- Problem details -
Below are the records; extract from them the line containing "Prompt-Month WTI (Nov" to the line containing "GreatPan探索版是一款", both lines included, exactly and with no pictures.

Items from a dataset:

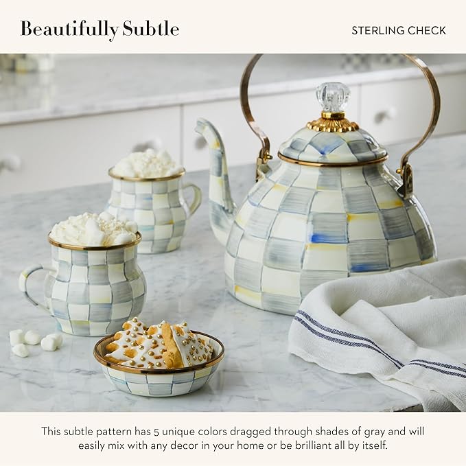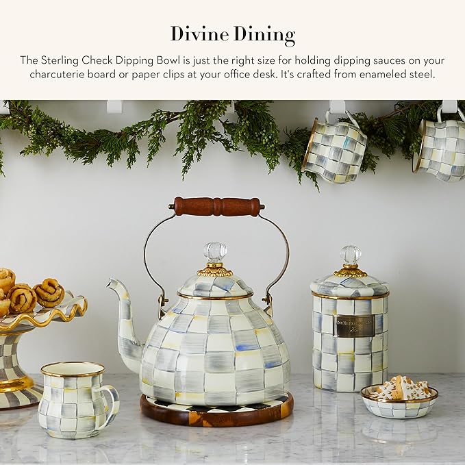 MACKENZIE-CHILDS Enamel Dipping Bowl, Small Serving Bowl for Entertaining, Gray-and-White Sterling Check
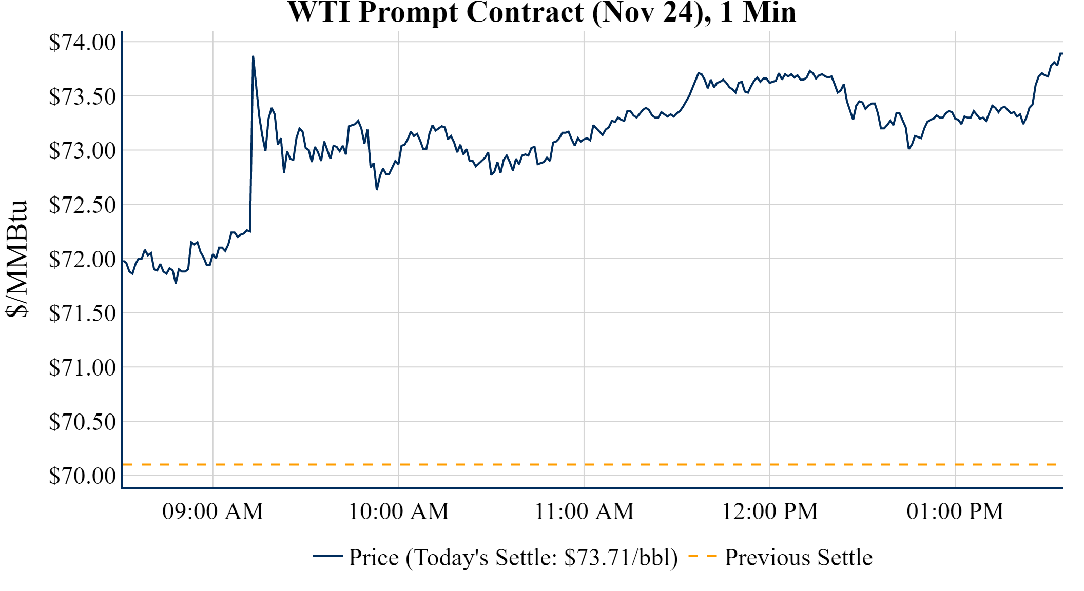 Prompt-Month WTI (Nov 24) was up $3.61 on the day, to settle at $73.71
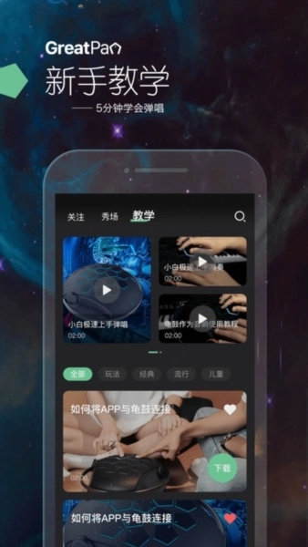 GreatPan探索版是一款出色的音乐制作软件,提供海量丰富的曲谱资源,无论是音乐新手还是进阶玩家,都能借助它快速掌握弹唱技巧,激发创作灵感,满足不同用户的个性化需求。而GreatPan龟鼓更是集学习、互动、分享、创作于一体,覆盖弹唱、听歌、演奏、编曲及分享等多元场景,专为音乐爱好者量身打造,操作简单易上手,轻松又酷炫,让你秒变音乐达人,快来体验吧!
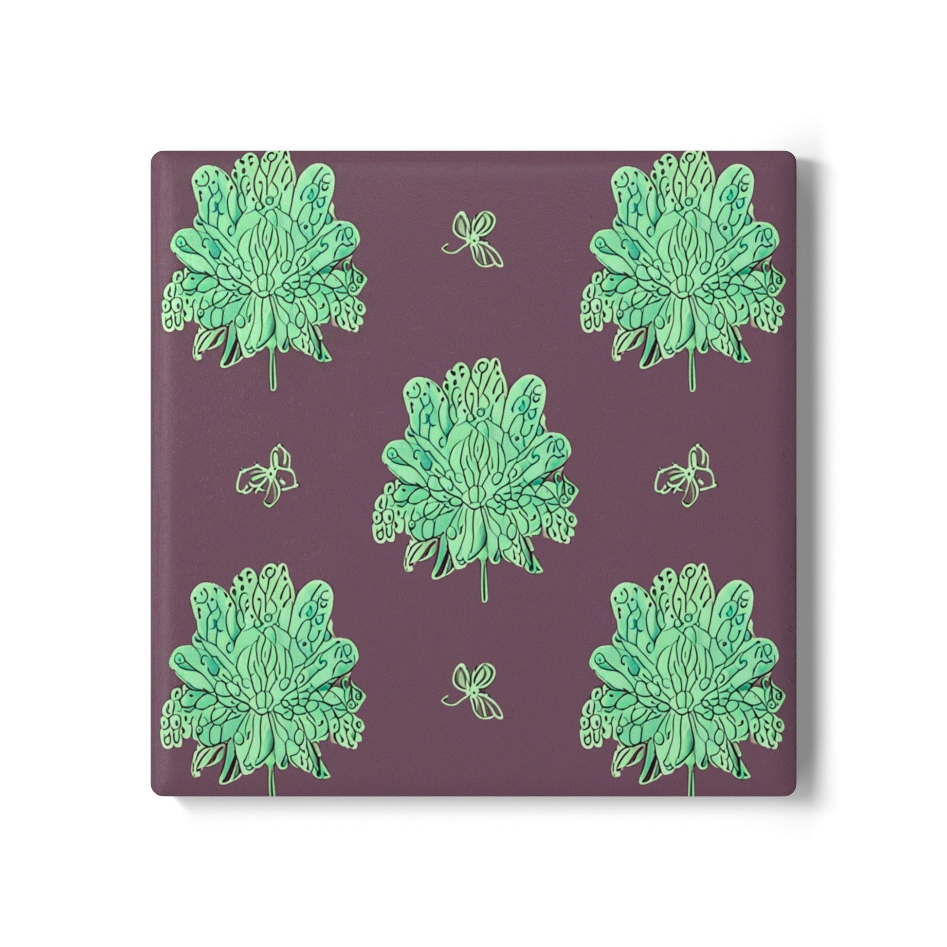 Mint Green Floral Butterflies 4" x 4" Square Ceramic Coaster
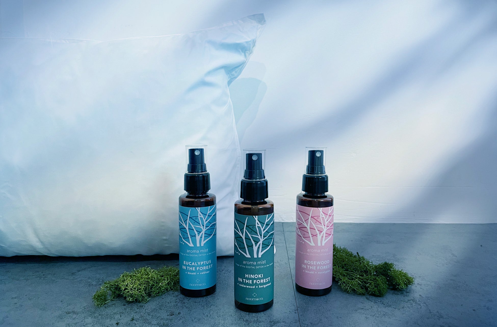 枕に、お部屋に、お洋服に、いつでもどこでも森林浴体験を!ストレスや睡眠において研究された香り成分&消臭成分配合の「森林浴睡眠ミストシリーズ」です。
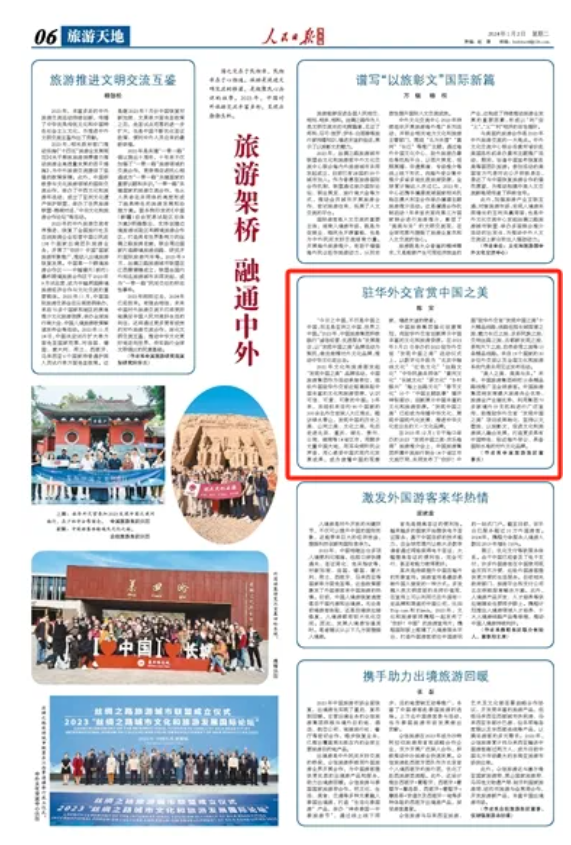 國之交在于民相親,民相親在于心相通。旅游是促進(jìn)文明交流的橋梁,是凝聚民心共識的紐帶。2023年,中國對外旅游交流豐富多彩,呈現(xiàn)出勃勃生機。2024年開年,人民日報海外版發(fā)表中國旅游集團(tuán)陳寅董事長署名文章,題為《駐華外交官賞中國之美》,介紹中國旅游集團(tuán)以“發(fā)現(xiàn)中國之美”品牌活動為契機,推動中華文化走出去。文章內(nèi)容如下:
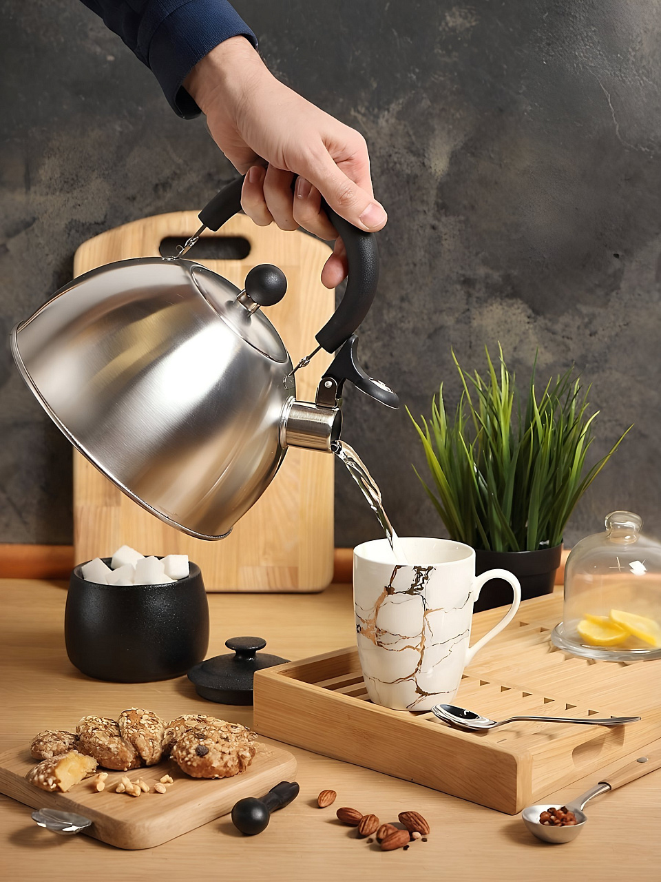 Многие спрашивают, подходит ли этот чайник для индукции — ответ: да, его капсульное дно специально разработано для таких плит. Пластиковая ручка с термоизоляцией защищает от ожогов, а свисток подскажет, когда вода закипела. В отличие от моделей с фильтром в носике, этот чайник проще мыть и обслуживать, что особенно удобно для дачи и ежедневного использования. Если вы ищете, что лучше для подарка — универсальный дизайн и серебристый цвет подойдут к любой кухне.

- Expected answer -
 Prompt-Month WTI (Nov 24) was up $3.61 on the day, to settle at $73.71
 GreatPan探索版是一款出色的音乐制作软件,提供海量丰富的曲谱资源,无论是音乐新手还是进阶玩家,都能借助它快速掌握弹唱技巧,激发创作灵感,满足不同用户的个性化需求。而GreatPan龟鼓更是集学习、互动、分享、创作于一体,覆盖弹唱、听歌、演奏、编曲及分享等多元场景,专为音乐爱好者量身打造,操作简单易上手,轻松又酷炫,让你秒变音乐达人,快来体验吧!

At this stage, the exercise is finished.